— YOUR INSTRUCTIONS —
The entries below are to be restated exactly, and their images are to be omitted.

(Collected data entries)
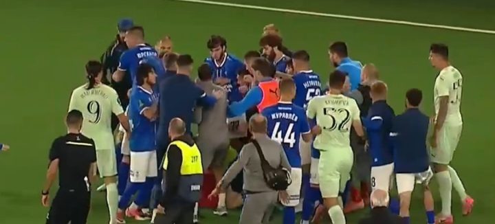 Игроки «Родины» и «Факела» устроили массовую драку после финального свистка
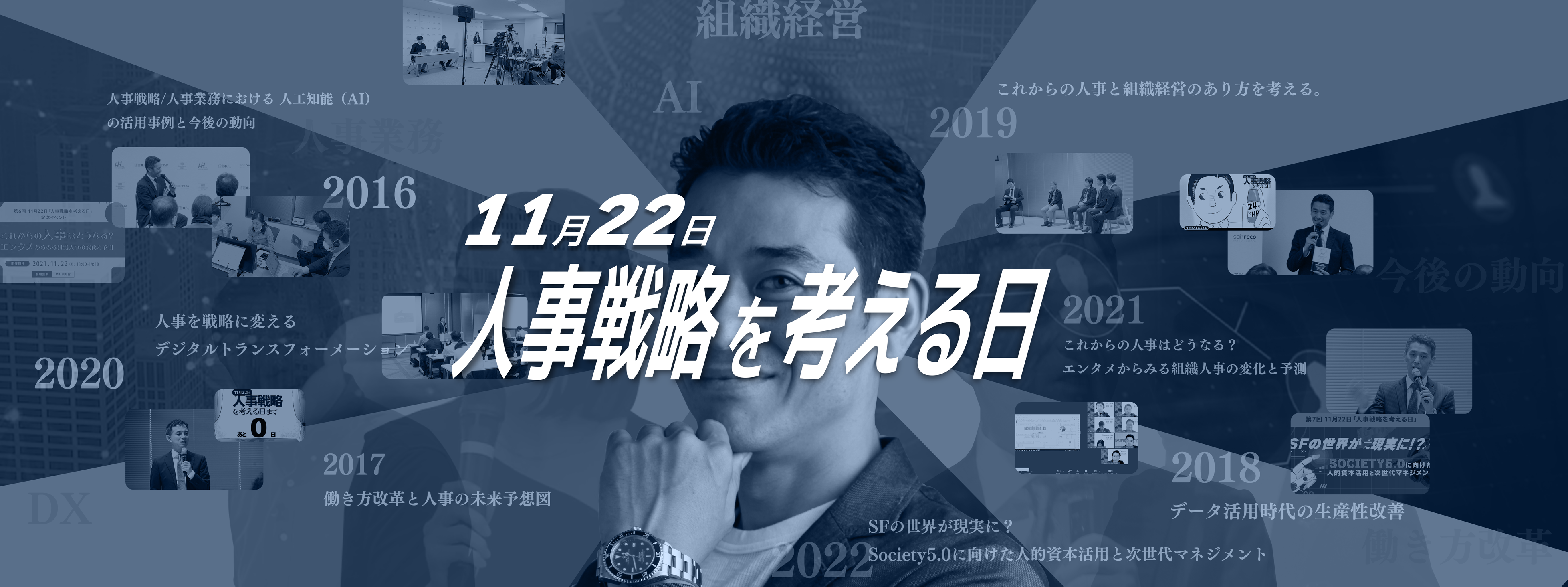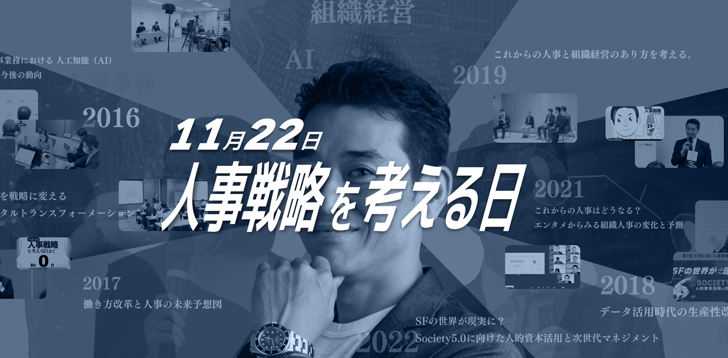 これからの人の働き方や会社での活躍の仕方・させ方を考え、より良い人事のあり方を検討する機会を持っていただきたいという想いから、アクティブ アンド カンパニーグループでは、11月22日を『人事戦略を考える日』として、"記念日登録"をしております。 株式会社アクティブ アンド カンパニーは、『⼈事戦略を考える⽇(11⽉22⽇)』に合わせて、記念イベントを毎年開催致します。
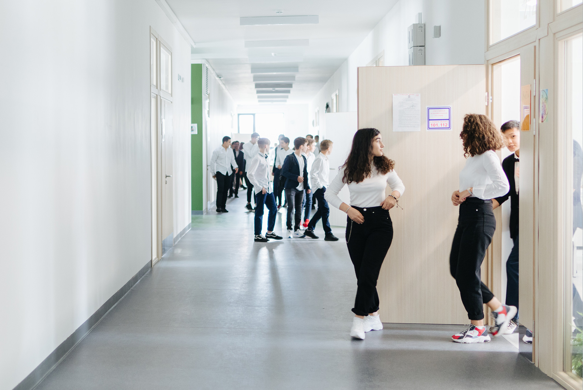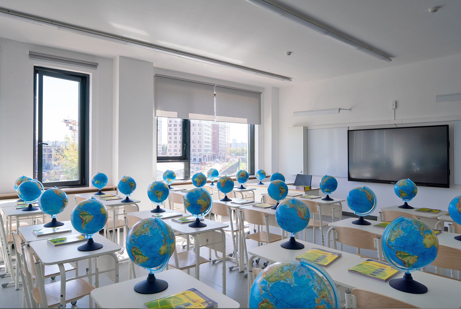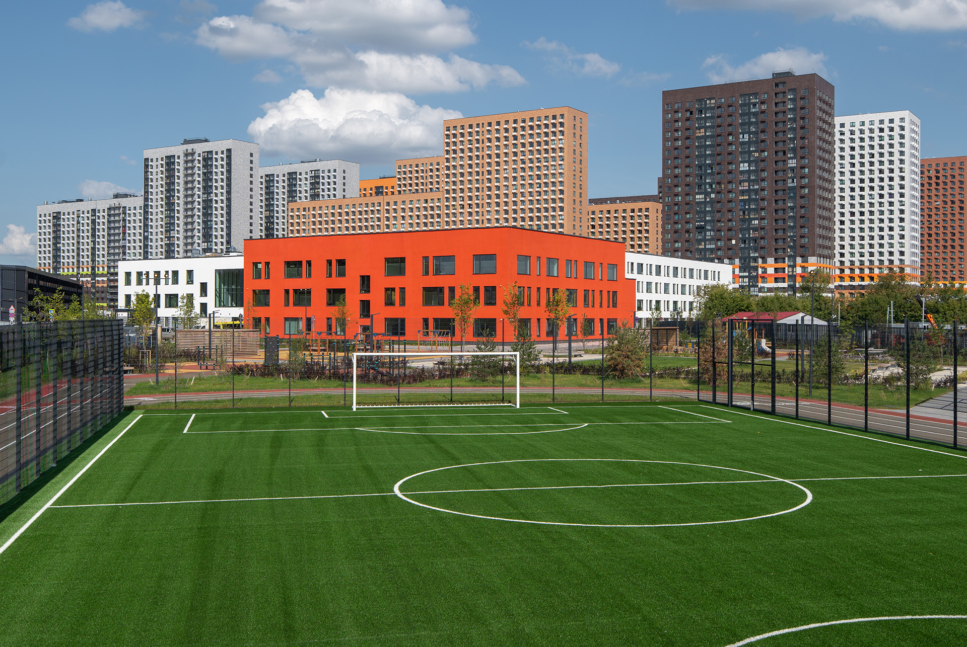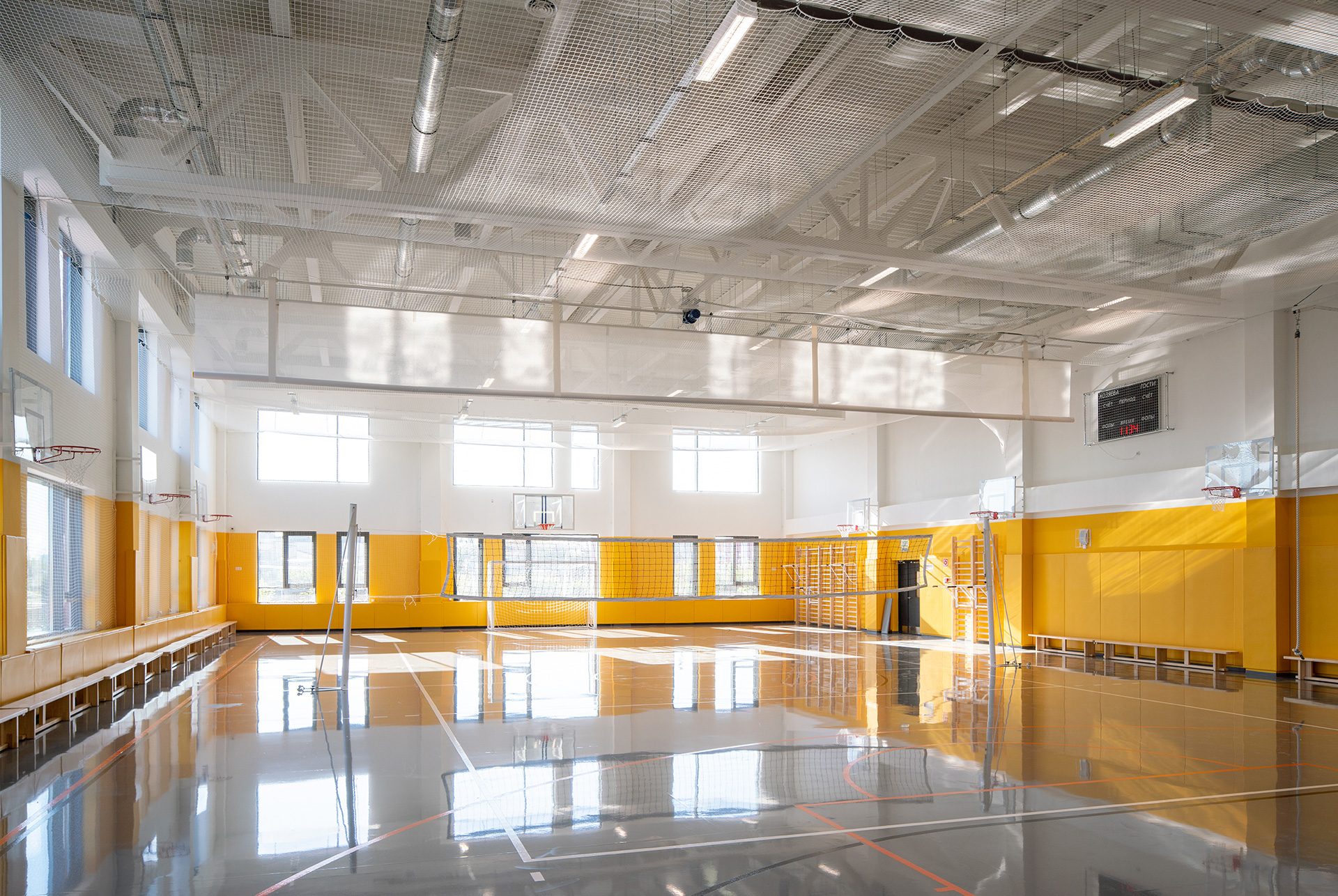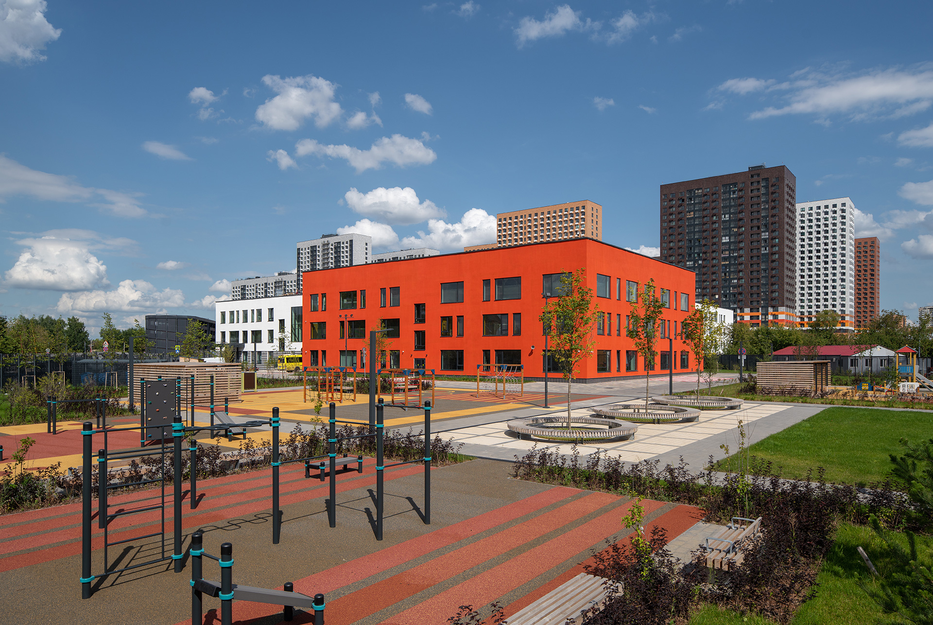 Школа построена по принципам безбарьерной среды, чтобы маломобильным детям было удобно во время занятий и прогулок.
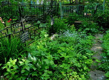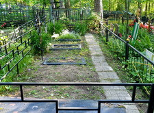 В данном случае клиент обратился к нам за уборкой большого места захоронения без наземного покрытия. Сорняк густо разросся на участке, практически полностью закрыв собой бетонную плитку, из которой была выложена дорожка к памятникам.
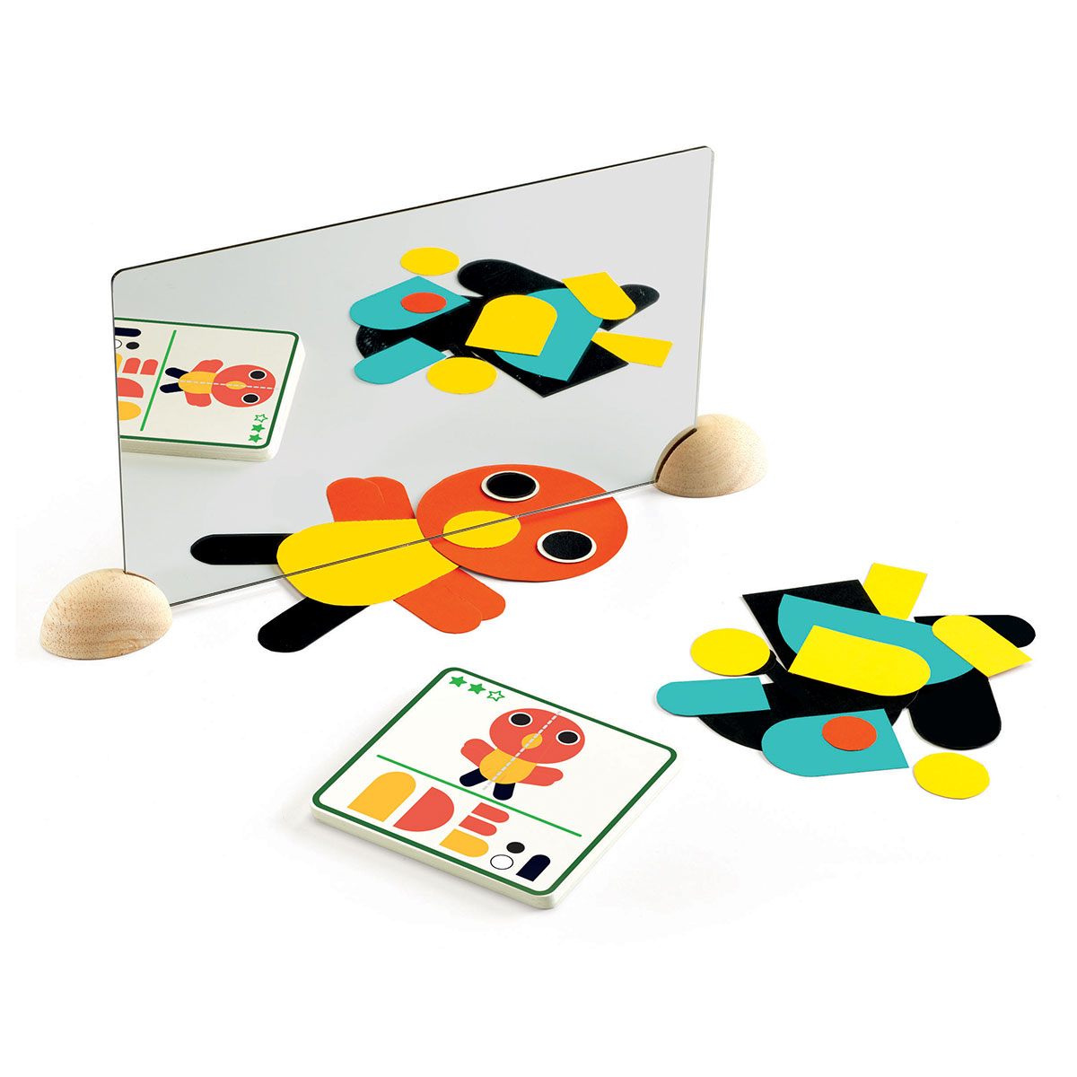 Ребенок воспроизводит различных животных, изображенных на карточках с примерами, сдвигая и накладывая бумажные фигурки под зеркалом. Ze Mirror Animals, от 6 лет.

— TASK ANSWER —
 Игроки «Родины» и «Факела» устроили массовую драку после финального свистка
 これからの人の働き方や会社での活躍の仕方・させ方を考え、より良い人事のあり方を検討する機会を持っていただきたいという想いから、アクティブ アンド カンパニーグループでは、11月22日を『人事戦略を考える日』として、"記念日登録"をしております。 株式会社アクティブ アンド カンパニーは、『⼈事戦略を考える⽇(11⽉22⽇)』に合わせて、記念イベントを毎年開催致します。
 Школа построена по принципам безбарьерной среды, чтобы маломобильным детям было удобно во время занятий и прогулок.
 В данном случае клиент обратился к нам за уборкой большого места захоронения без наземного покрытия. Сорняк густо разросся на участке, практически полностью закрыв собой бетонную плитку, из которой была выложена дорожка к памятникам.
 Ребенок воспроизводит различных животных, изображенных на карточках с примерами, сдвигая и накладывая бумажные фигурки под зеркалом. Ze Mirror Animals, от 6 лет.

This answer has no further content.